=== ASSIGNED TASK ===
Take the lines from the one with "Two men are" through the end of the material below and repeat them exactly, dropping every picture.

=== SUPPLIED INFORMATION ===
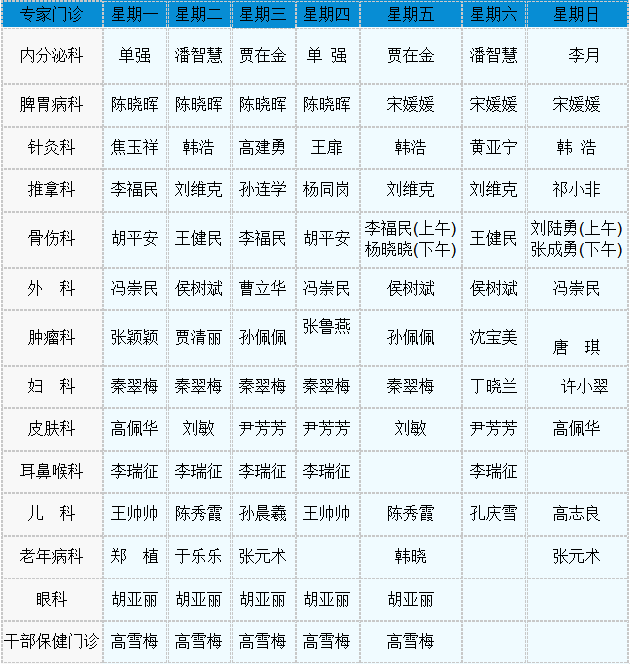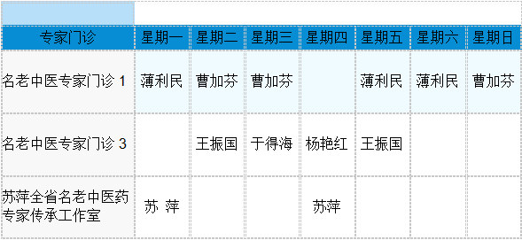 中医专家门诊值班表
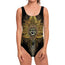 Golden Spiritual Lotus Print One Piece Swimsuit
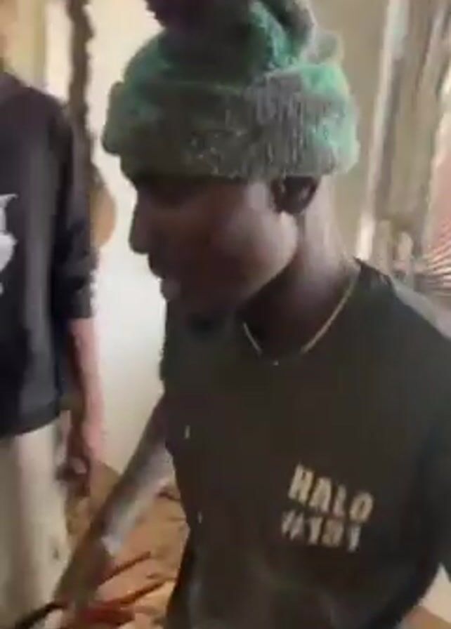 Two men are working in what appears to be an indoor construction zone. The first man, who is in the foreground, is wearing a black t-shirt with a faded graphic, dark pants, and a colorful knit hat with a pompom. He is covered in dust. He is gesturing and appears to be speaking. The second man is behind him, wearing a red and white baseball cap, a blue t-shirt, and tan pants. He seems to be walking in the background. The floor is covered with dirt and debris, and there is a window with bars in the background. The walls are white. The first man picks up what looks like a tile cutter.
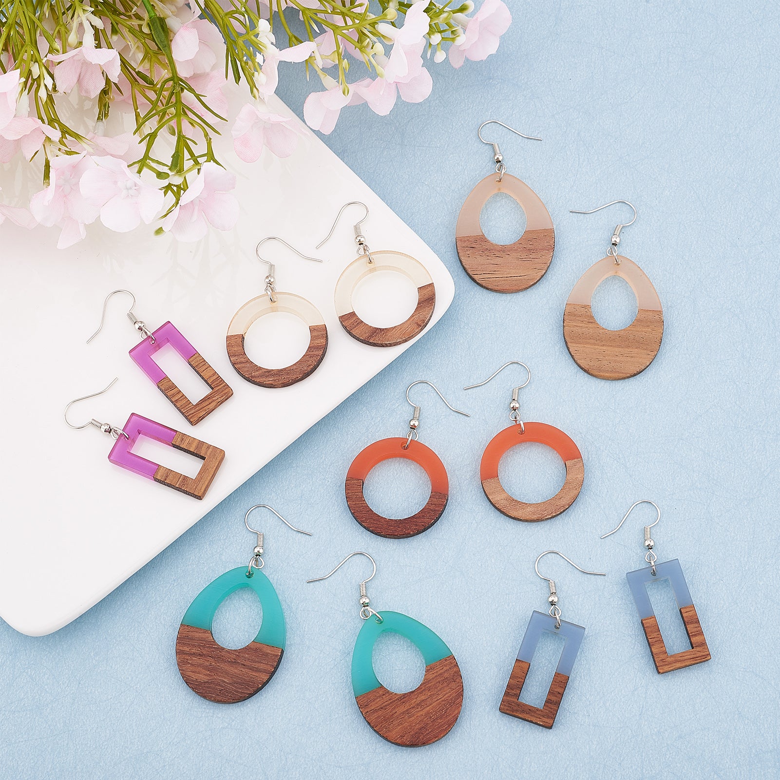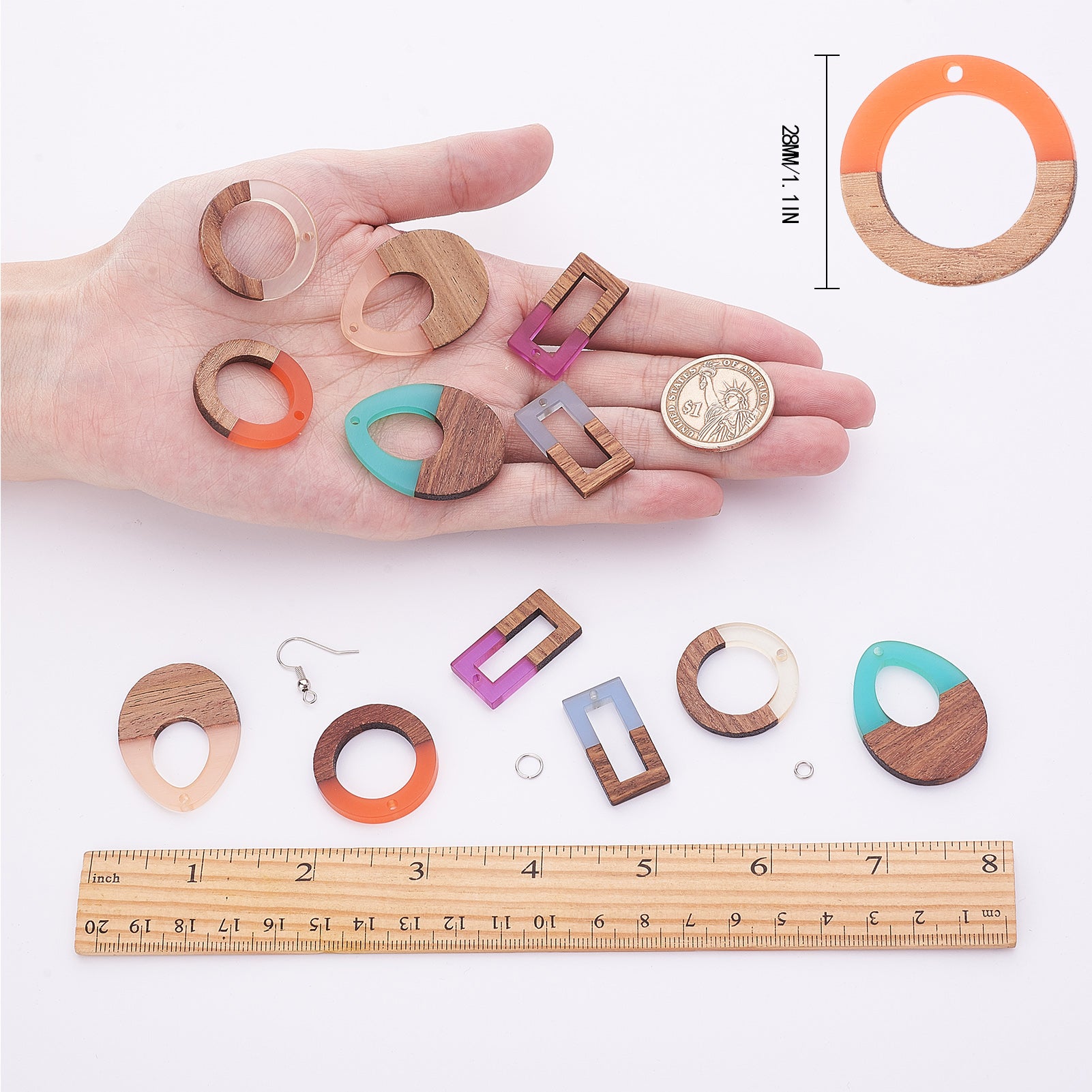 DIY Dangle Earring Making, with Resin & Wood Pendants, Brass Earring Hooks, Iron Jump Rings, Mixed Color, Pendants: 12pcs/set

=== EXPECTED ANSWER ===
 Two men are working in what appears to be an indoor construction zone. The first man, who is in the foreground, is wearing a black t-shirt with a faded graphic, dark pants, and a colorful knit hat with a pompom. He is covered in dust. He is gesturing and appears to be speaking. The second man is behind him, wearing a red and white baseball cap, a blue t-shirt, and tan pants. He seems to be walking in the background. The floor is covered with dirt and debris, and there is a window with bars in the background. The walls are white. The first man picks up what looks like a tile cutter.
 DIY Dangle Earring Making, with Resin & Wood Pendants, Brass Earring Hooks, Iron Jump Rings, Mixed Color, Pendants: 12pcs/set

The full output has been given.